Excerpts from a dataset
=======
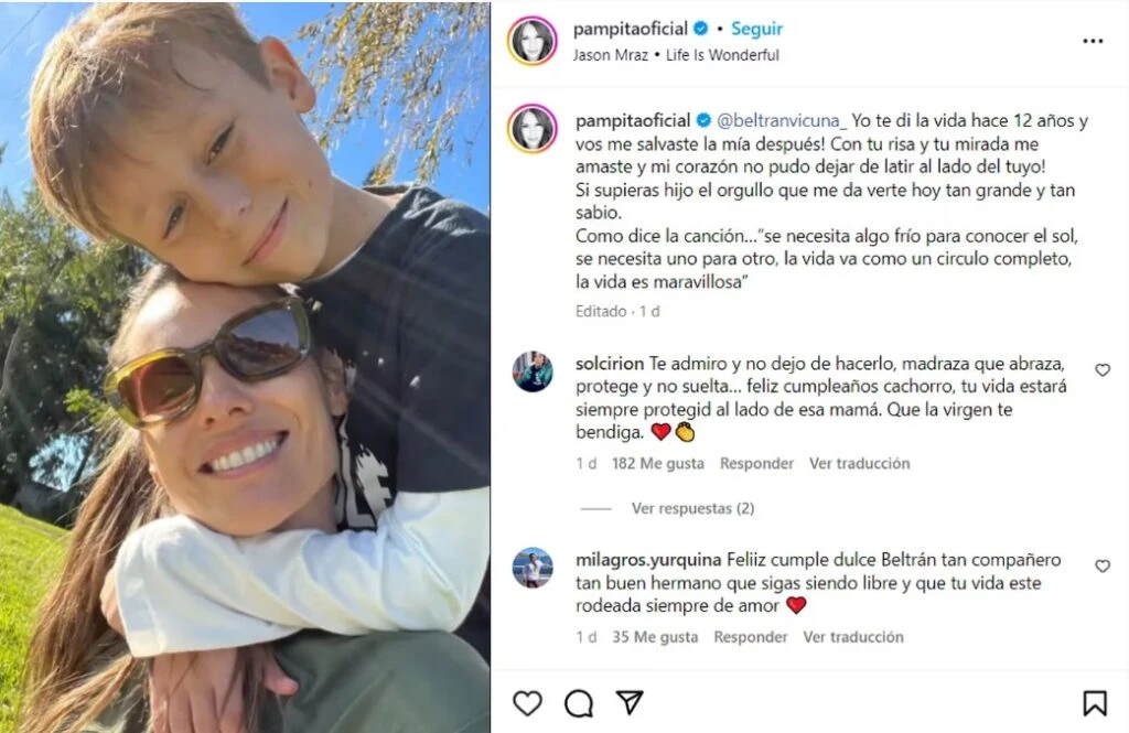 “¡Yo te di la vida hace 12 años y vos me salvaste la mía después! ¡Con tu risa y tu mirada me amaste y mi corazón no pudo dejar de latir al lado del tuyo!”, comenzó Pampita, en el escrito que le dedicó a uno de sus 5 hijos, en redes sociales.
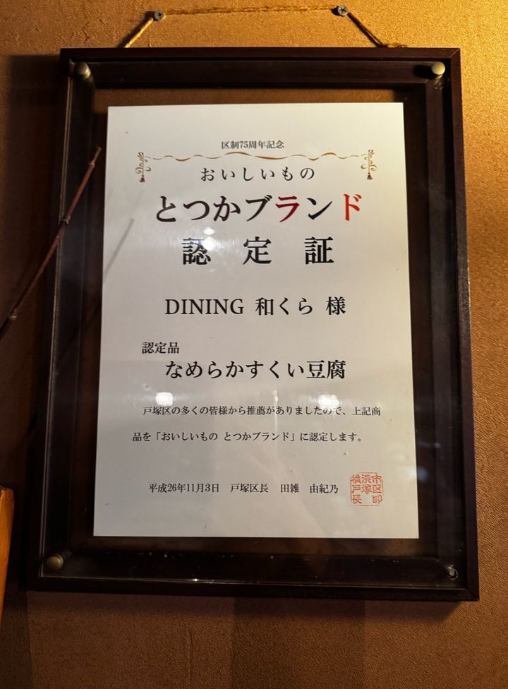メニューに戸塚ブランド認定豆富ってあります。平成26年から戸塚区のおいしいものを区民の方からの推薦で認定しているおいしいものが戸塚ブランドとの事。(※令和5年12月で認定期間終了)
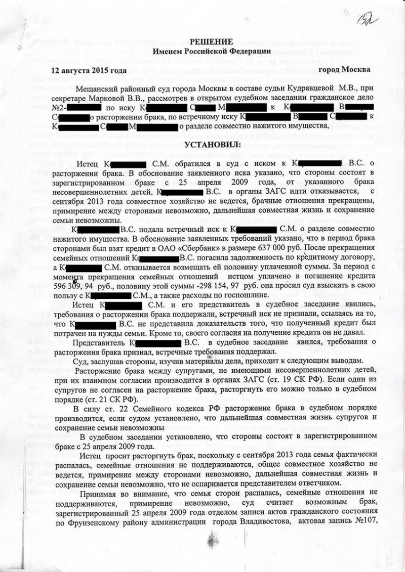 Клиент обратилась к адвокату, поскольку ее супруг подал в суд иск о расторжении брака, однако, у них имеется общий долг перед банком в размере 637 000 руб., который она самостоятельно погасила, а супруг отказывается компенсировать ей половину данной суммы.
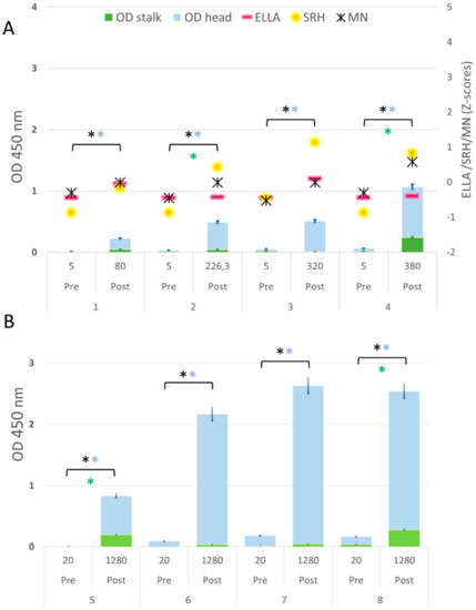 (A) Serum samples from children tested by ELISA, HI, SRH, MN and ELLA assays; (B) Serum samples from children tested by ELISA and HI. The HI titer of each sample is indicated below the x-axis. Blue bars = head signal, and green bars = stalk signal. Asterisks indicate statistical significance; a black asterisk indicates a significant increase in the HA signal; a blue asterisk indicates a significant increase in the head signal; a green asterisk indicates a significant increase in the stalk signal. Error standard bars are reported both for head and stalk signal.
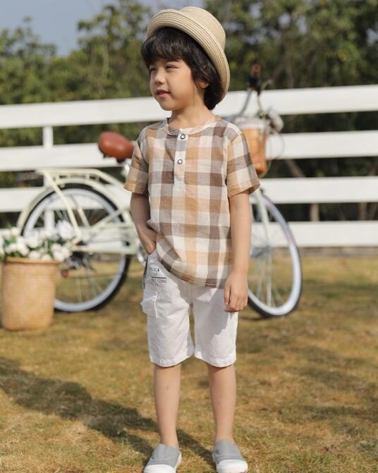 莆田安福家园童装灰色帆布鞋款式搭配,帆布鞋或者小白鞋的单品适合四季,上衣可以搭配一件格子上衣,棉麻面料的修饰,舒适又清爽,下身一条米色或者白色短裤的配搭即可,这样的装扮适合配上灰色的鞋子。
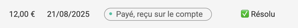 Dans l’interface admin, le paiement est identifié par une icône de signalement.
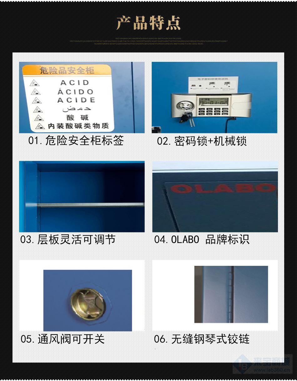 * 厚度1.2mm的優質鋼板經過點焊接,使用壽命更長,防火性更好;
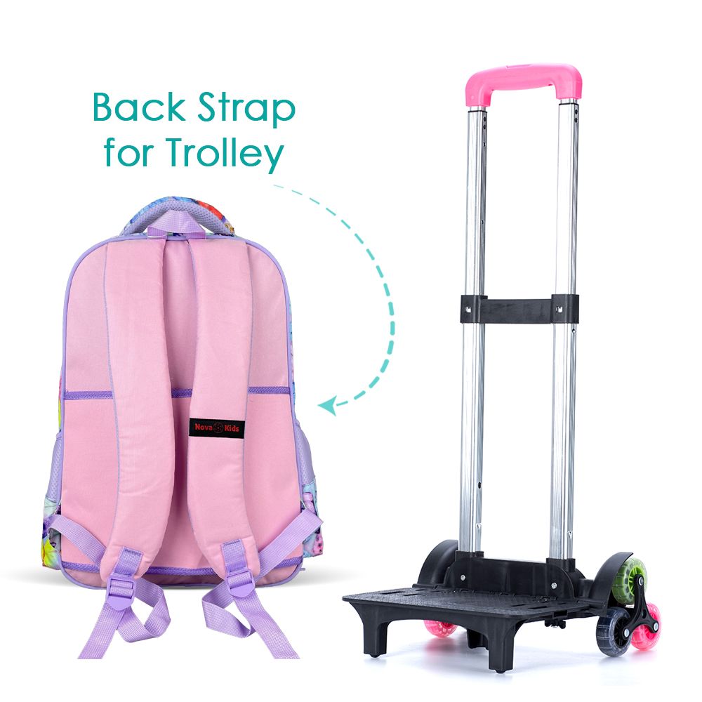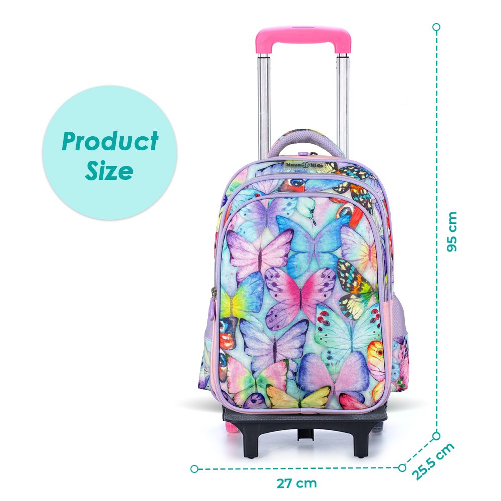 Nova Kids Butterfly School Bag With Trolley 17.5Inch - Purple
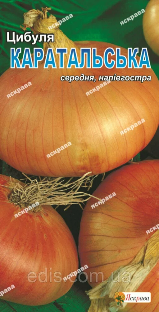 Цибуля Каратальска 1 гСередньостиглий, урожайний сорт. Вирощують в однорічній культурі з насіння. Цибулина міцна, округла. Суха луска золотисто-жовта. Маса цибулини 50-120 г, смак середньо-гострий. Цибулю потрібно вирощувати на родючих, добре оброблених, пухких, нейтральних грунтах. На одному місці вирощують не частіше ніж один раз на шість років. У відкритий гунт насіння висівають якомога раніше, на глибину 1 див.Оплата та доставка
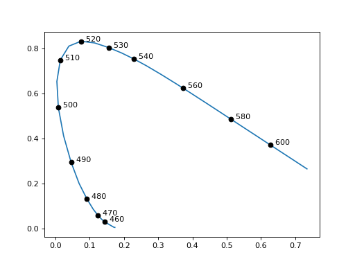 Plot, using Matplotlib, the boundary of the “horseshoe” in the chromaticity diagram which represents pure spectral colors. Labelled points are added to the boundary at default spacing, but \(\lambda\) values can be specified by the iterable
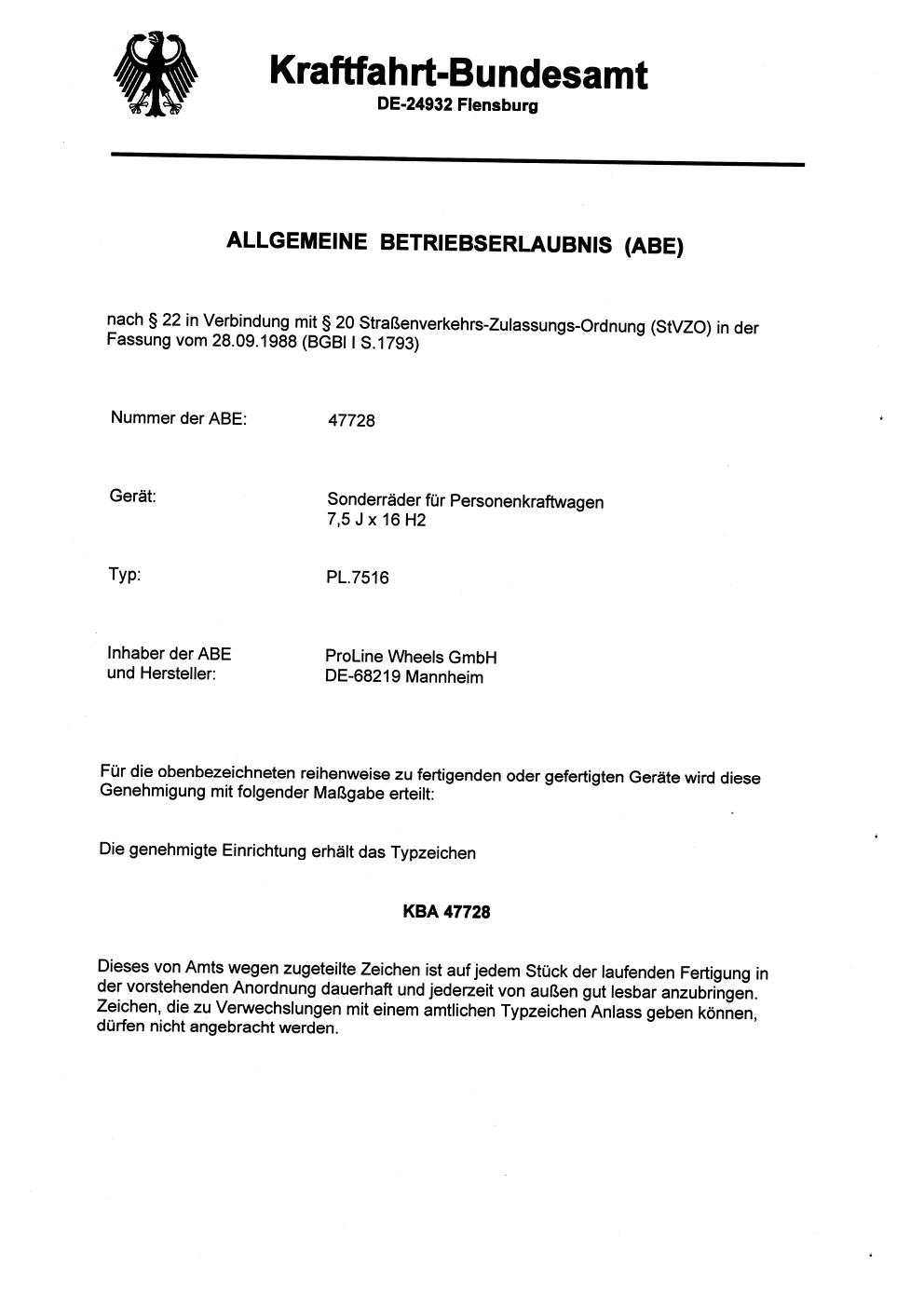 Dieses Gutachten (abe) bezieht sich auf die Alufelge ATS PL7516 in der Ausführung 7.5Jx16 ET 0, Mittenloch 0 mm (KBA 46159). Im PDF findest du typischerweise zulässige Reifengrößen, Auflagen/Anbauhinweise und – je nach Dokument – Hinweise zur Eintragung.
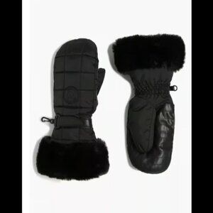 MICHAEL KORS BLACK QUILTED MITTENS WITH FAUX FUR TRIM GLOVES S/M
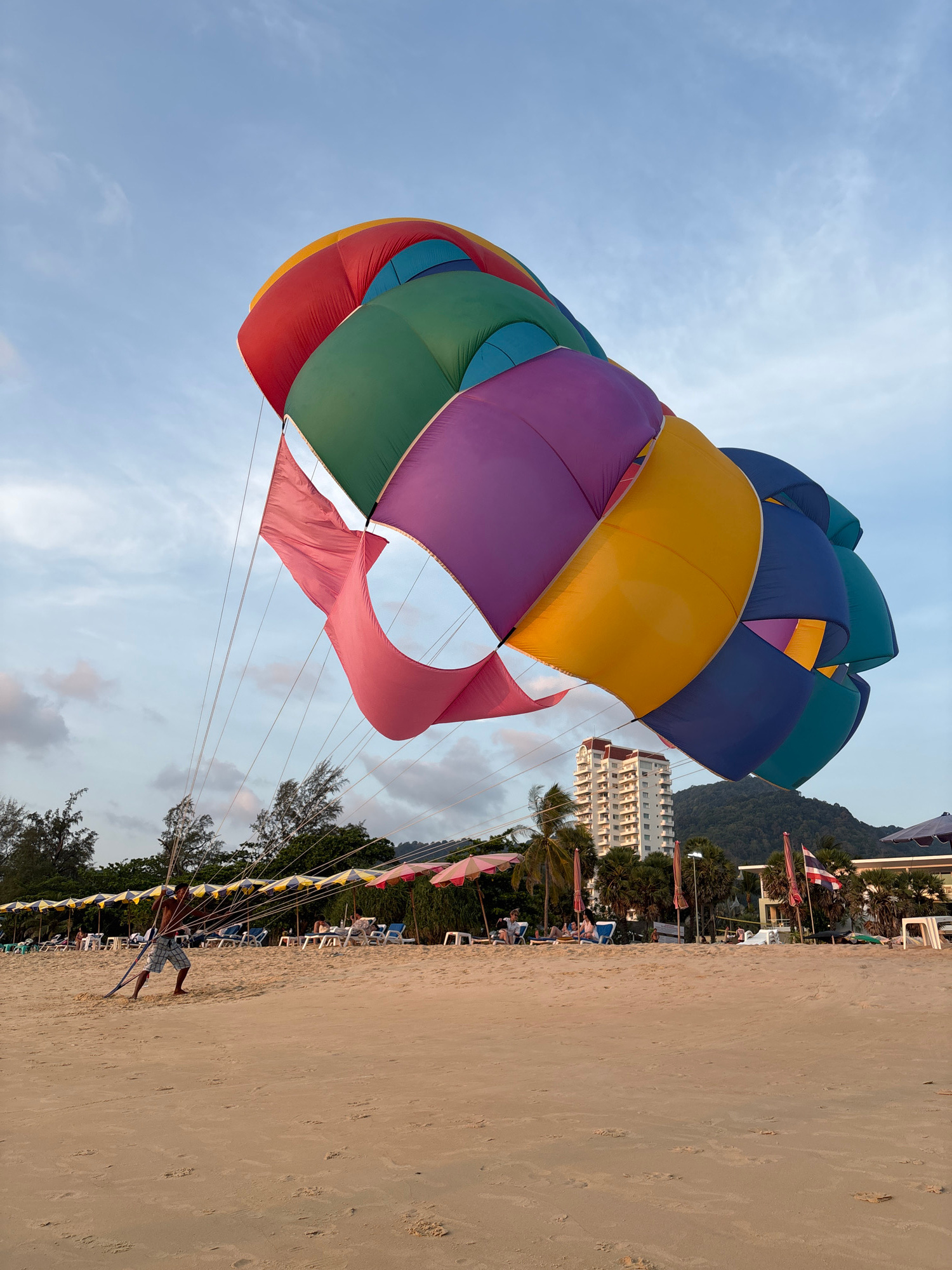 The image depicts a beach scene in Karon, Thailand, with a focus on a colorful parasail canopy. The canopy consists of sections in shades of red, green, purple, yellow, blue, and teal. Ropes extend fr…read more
=======
■ PROBLEM DETAILS ■
Give the records back verbatim, pictures excluded.

■ OUTPUT FOR THIS EXERCISE ■
 “¡Yo te di la vida hace 12 años y vos me salvaste la mía después! ¡Con tu risa y tu mirada me amaste y mi corazón no pudo dejar de latir al lado del tuyo!”, comenzó Pampita, en el escrito que le dedicó a uno de sus 5 hijos, en redes sociales.
メニューに戸塚ブランド認定豆富ってあります。平成26年から戸塚区のおいしいものを区民の方からの推薦で認定しているおいしいものが戸塚ブランドとの事。(※令和5年12月で認定期間終了)
 Клиент обратилась к адвокату, поскольку ее супруг подал в суд иск о расторжении брака, однако, у них имеется общий долг перед банком в размере 637 000 руб., который она самостоятельно погасила, а супруг отказывается компенсировать ей половину данной суммы.
 (A) Serum samples from children tested by ELISA, HI, SRH, MN and ELLA assays; (B) Serum samples from children tested by ELISA and HI. The HI titer of each sample is indicated below the x-axis. Blue bars = head signal, and green bars = stalk signal. Asterisks indicate statistical significance; a black asterisk indicates a significant increase in the HA signal; a blue asterisk indicates a significant increase in the head signal; a green asterisk indicates a significant increase in the stalk signal. Error standard bars are reported both for head and stalk signal.
 莆田安福家园童装灰色帆布鞋款式搭配,帆布鞋或者小白鞋的单品适合四季,上衣可以搭配一件格子上衣,棉麻面料的修饰,舒适又清爽,下身一条米色或者白色短裤的配搭即可,这样的装扮适合配上灰色的鞋子。
 Dans l’interface admin, le paiement est identifié par une icône de signalement.
 * 厚度1.2mm的優質鋼板經過點焊接,使用壽命更長,防火性更好;
 Nova Kids Butterfly School Bag With Trolley 17.5Inch - Purple
 Цибуля Каратальска 1 гСередньостиглий, урожайний сорт. Вирощують в однорічній культурі з насіння. Цибулина міцна, округла. Суха луска золотисто-жовта. Маса цибулини 50-120 г, смак середньо-гострий. Цибулю потрібно вирощувати на родючих, добре оброблених, пухких, нейтральних грунтах. На одному місці вирощують не частіше ніж один раз на шість років. У відкритий гунт насіння висівають якомога раніше, на глибину 1 див.Оплата та доставка
 Plot, using Matplotlib, the boundary of the “horseshoe” in the chromaticity diagram which represents pure spectral colors. Labelled points are added to the boundary at default spacing, but \(\lambda\) values can be specified by the iterable
 Dieses Gutachten (abe) bezieht sich auf die Alufelge ATS PL7516 in der Ausführung 7.5Jx16 ET 0, Mittenloch 0 mm (KBA 46159). Im PDF findest du typischerweise zulässige Reifengrößen, Auflagen/Anbauhinweise und – je nach Dokument – Hinweise zur Eintragung.
 MICHAEL KORS BLACK QUILTED MITTENS WITH FAUX FUR TRIM GLOVES S/M
 The image depicts a beach scene in Karon, Thailand, with a focus on a colorful parasail canopy. The canopy consists of sections in shades of red, green, purple, yellow, blue, and teal. Ropes extend fr…read more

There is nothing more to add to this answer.